Nolph K D, Jensen R A, Khanna R, Twardowski Z J
Department of Internal Medicine, University of Missouri Health Sciences, Center, Columbia 65212.
Perit Dial Int. 1994;14(3):261-4.
To calculate the relationships of weekly KT/V urea to standard body weight with different exchange volumes (2, 2.5, or 3 L) for continuous ambulatory peritoneal dialysis (CAPD) in functionally anephric patients and to display the results in graphic form.

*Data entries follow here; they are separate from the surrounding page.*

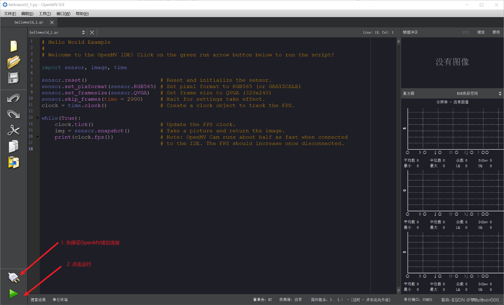 通过IDE连接OpenMV:点击此按钮连接,IDE会自动寻找OpenMV的串口进行连接。
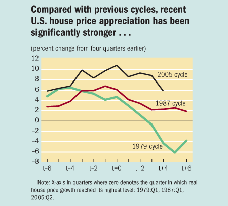 Previous housing market cycles in the United States have been associated with vastly different economic outcomes. In the 1979 cycle, real house prices fell, and consumption, residential investment, and GDP growth all slumped. Of course, economic conditions then were very different from those today: real interest rates were very high, as was the unemployment rate. The 1987 housing cycle was associated with a limited growth impact, and the IMF forecasts that the current housing cycle will do the same for 2007 growth. But there are downside risks. First, the slowing in house price appreciation could be more pronounced than expected—a drop in prices cannot be ruled out. Second, the wealth effects of slower house price growth on consumption may now be larger than in the past because of the greater exposure of households to asset price movements.
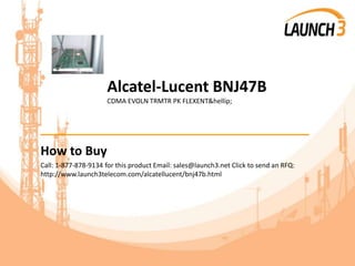 This document provides information about the Alcatel-Lucent BNJ47B CDMA EVOLN TRMTR PK FLEXENT transmitter card. It can be purchased from Launch 3 Telecom for CDMA networks and connects to an BNJ48B EVR card with an SCSI cable in an Alcatel-Lucent MOD 4 chassis. The document describes payment and shipping options for purchasing the item from Launch 3 Telecom and their repair, maintenance and other telecom services.
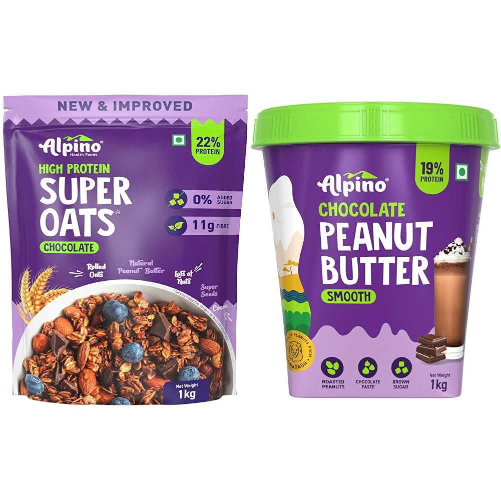 Alpino Peanut Butter Super Oats Chocolate Super Oats + Peanut Butter Smooth 1 kg each combo
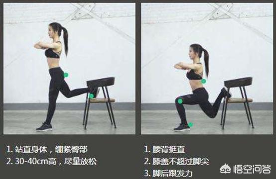 4, squat bulgare : placer la jambe arrière sur la chaise en s'accroupissant, le centre de gravité se trouvant dans le talon du pied avant, pour éviter que les articulations du genou ne se déforment et que les orteils ne soient dépassés. 10 par groupe, 3 groupes.
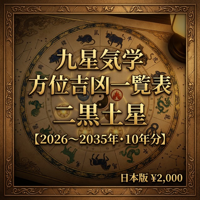 「引越し先の方位、本当にこれで合ってる?」——二黒土星の方は特に、土星ゆえに方位の影響を受けやすいと言われます。だからこそ、毎日の吉凶をきちんと確認したい。 そのための日別データがこのCSVです。 本命星・二黒土星の方専用。2026年〜2035年の10年間・毎日の吉凶方位をExcelで一瞬で調べられるCSVデータです。日付でフィルターをかければ、その日に使える方位がすぐわかります。 ▼ こんな方に選ばれています ・九星気学を使った鑑定を行っている占い師・鑑定士の方 ・吉方旅行・引越し・物件選びに九星気学を活用したい方 ・占術スクールで学んでいる学習者・研究者の方 ・占いアプリや鑑定ツールを開発しているエンジニアの方 ▼ このデータで変わること 【今まで】年盤・月盤・日盤を1つずつ確認 → 凶と重なっていないか手動でチェック → 1日の確認に数分かかる 【このデータ導入後】日付を検索するだけ → 吉凶の判定と根拠が1行で確認できる → 複数日の比較も瞬時 ▼ 収録内容(CSV形式) ・対象期間:2026年1月1日〜2035年12月31日(10年分・約3,650日) ・八方位(北・北東・東・南東・南・南西・西・北西)ごとに毎日の吉凶を収録 ・年盤・月盤・日盤の3盤を個別に管理し、判定根拠を列で追跡可能 ・凶方位の種類を個別に記録:五黄殺・暗剣殺・歳破/月破/日破・本命殺・本命的殺・相剋・水火殺 ・「吉であり、かつ凶と重ならない方位(最終候補)」を自動抽出して表示 ・保存形式:UTF-8(BOM付き)CSVファイル ・Excel・Googleスプレッドシートでそのまま開いてフィルター・検索・集計が可能 ▼ 他のサービスとの違い 無料の吉方位サイトは「今日の吉方位」を表示してくれますが、判定根拠は表示されません。このデータは「なぜその方位が吉なのか・なぜ凶なのか」を列単位で確認できるため、鑑定の説明資料作成や、流派間の差異確認にも対応します。 節気・変遁日の計算は高精度な天文計算に基づいており、カシオ計算サイト準拠の計算基準を採用しています。 ▼ 無料サンプルについて ABOUTページよりサンプルデータ(2016年1月分)を無料でダウンロードいただけます。データ構造・列名・文字コードをご確認の上、ご購入ください。 ▼ ご注意・免責事項 ・本商品はCSVデータです。閲覧にはExcelまたはGoogleスプレッドシートなどの表計算ソフトが必要です。 ・本データは二黒土星(本命星)専用です。他の本命星は別商品をご確認ください。 ・九星気学の吉凶方位の判定基準は流派・解釈によって異なる場合があります。本データの計算結果が、お客様がご利用の流派や鑑定士の見解と一致しないことがあります。 ・本データはデジタルコンテンツであり、購入・ダウンロード後のキャンセル・返金・交換には一切応じられません。動作環境・内容をご確認の上ご購入ください。 ・本データの利用により生じた旅行・引越し・行動の結果について、当店は一切の責任を負いません。最終的な判断はお客様ご自身の責任においてお願いします。 ・本データは日本標準時(JST)に基づいて計算されています。
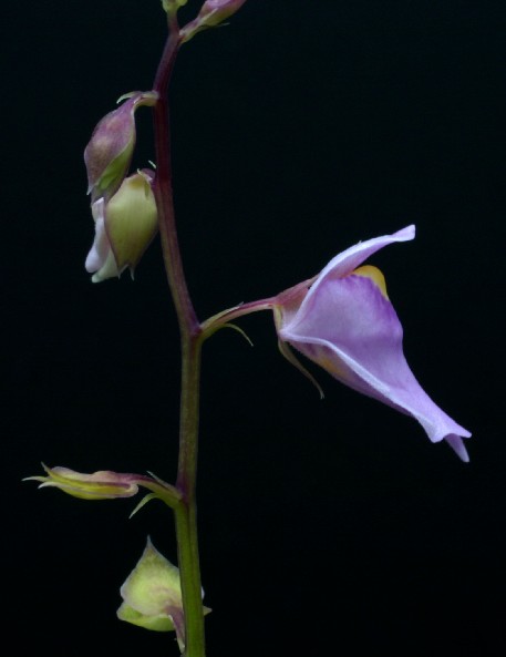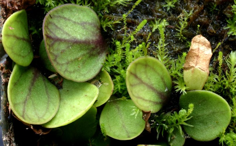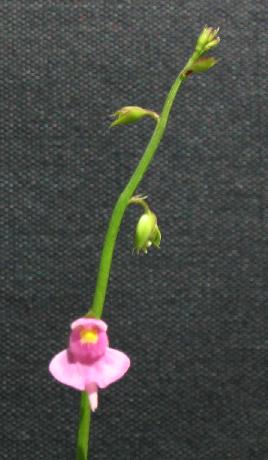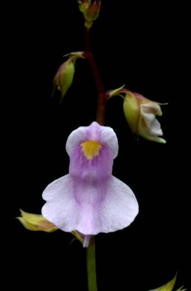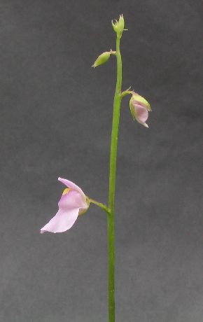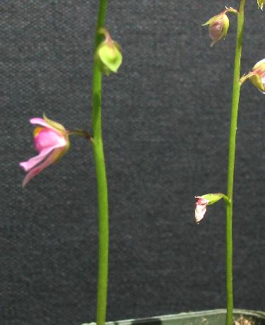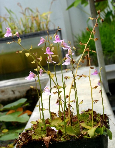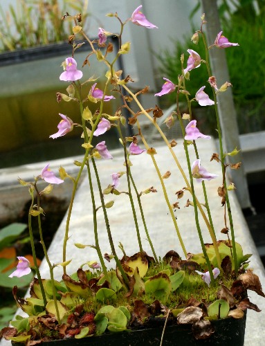 The ICPS database states: "I used the tentative, descriptive phrase "purple veins" to describe one commonly cultivated form. This form has petiolate leaves with a oval lamina that are veined throughout with deep purple pigmentation (see Carniv.Pl.Newslett.21:10, Figure 1:1). The flowers are large, and the apron-like lower corolla lobe hangs down and nearly completely hides the spur. The corolla is pink, but with a yellow patch (edged in white) on the proximal palate bulge (see Carniv.Pl.Newslett.21:12, Figure 3). This plant is being established as the cultivar [Utricularia 'Yog-Sothoth' {B.Meyers-Rice}]."
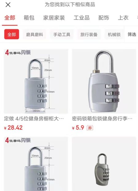 今回私は南京錠が必要になり、中国語名がわからず困っていたのだが、上記の画像検索の方法を思い出しあっという間に商品を注文することが出来た。
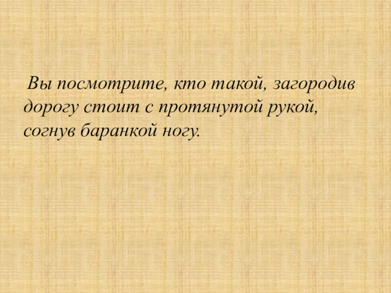 Слайд 15 Вы посмотрите, кто такой, загородив дорогу стоит с протянутой рукой,
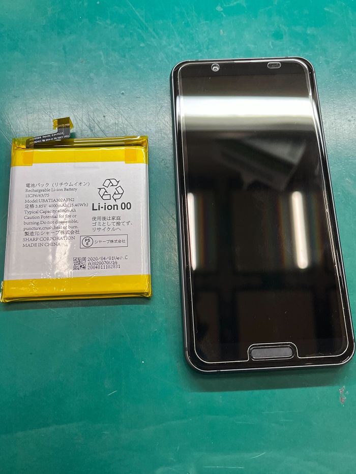 「急に電源が落ちることがある…」とのことで、バッテリー劣化が疑われました。AQUOS Sense3 liteは、発売から数年経っている機種なので、バッテリーの寿命がきていても不思議ではありません。
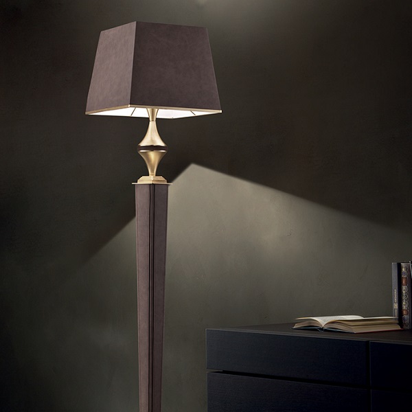 Торшер Masiero Darshan STL в современном стиле из Италии. Деревянное основание и абажуры из экокожи доступны в белом и коричневом цветах. Металлические вставки латунного или хромовго цвета гармонично завершают образ.
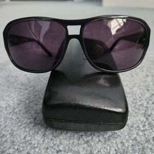 Elegant black aviator sunglasses with a chic design. This model is discontinued. Worn once, in like new condition. Includes protective black case.
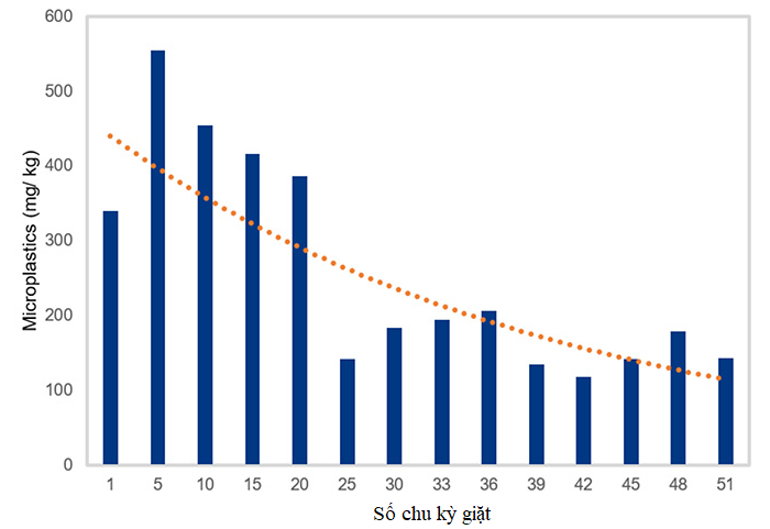 Hình 3 – Microplastic giải phóng ra từ vải polyeste dệt thoi sau vài chu kỳ giặt và làm khô

Theoretical calculations using previously measured 24-hour dialysate/plasma urea values in 77 CAPD patients and other defined components of weekly KT/V urea.
Measurements and calculations in theoretical patients doing standard CAPD with four daily exchanges.
Theoretical functionally anephric patients on standard CAPD as above.
Theoretical calculations based on instillation of 2-, 2.5-, and 3-L exchange volumes.
Weekly urea clearances normalized to total body water (weekly KT/V urea). The values using different exchange volumes were related to standard body weight.
Although a minimum recommended weekly KT/V urea target is arbitrary, the results illustrate the range of flexibility of CAPD relative to KT/V urea values with variations in exchange volume. The standard weights above which anephric patients on CAPD using four exchanges per day with 2-, 2.5-, and 3-L exchanges cannot reach a weekly KT/V urea target of 1.7, have been identified. The range of weekly KT/V urea levels possible with different exchange-volume programs has been graphically illustrated.
Weights above which a weekly KT/V urea of 1.7 cannot be reached in functionally anephric patients are 64, 77.6, and 91 kg for CAPD using 2-, 2.5-, and 3-L exchanges, respectively.
计算功能无肾患者持续性非卧床腹膜透析(CAPD)中不同交换量(2L、2.5L或3L)下每周尿素清除率(KT/V)与标准体重的关系,并以图形形式展示结果。
使用先前测量的77例CAPD患者的24小时透析液/血浆尿素值及每周KT/V尿素的其他确定成分进行理论计算。
对进行标准CAPD且每日四次交换的理论患者进行测量和计算。
上述进行标准CAPD的功能无肾理论患者。
基于2L、2.5L和3L交换量的注入进行理论计算。
归一化至总体水的每周尿素清除率(每周KT/V尿素)。使用不同交换量的值与标准体重相关。
尽管推荐的每周KT/V尿素最低目标是任意的,但结果说明了CAPD相对于KT/V尿素值随交换量变化的灵活性范围。已确定了使用2L、2.5L和3L交换量且每日四次交换的CAPD无肾患者无法达到每周KT/V尿素目标1.7时的标准体重。已以图形方式说明了不同交换量方案可能达到的每周KT/V尿素水平范围。
对于功能无肾患者,使用2L、2.5L和3L交换量的CAPD分别在体重高于64kg、77.6kg和91kg时无法达到每周KT/V尿素1.7。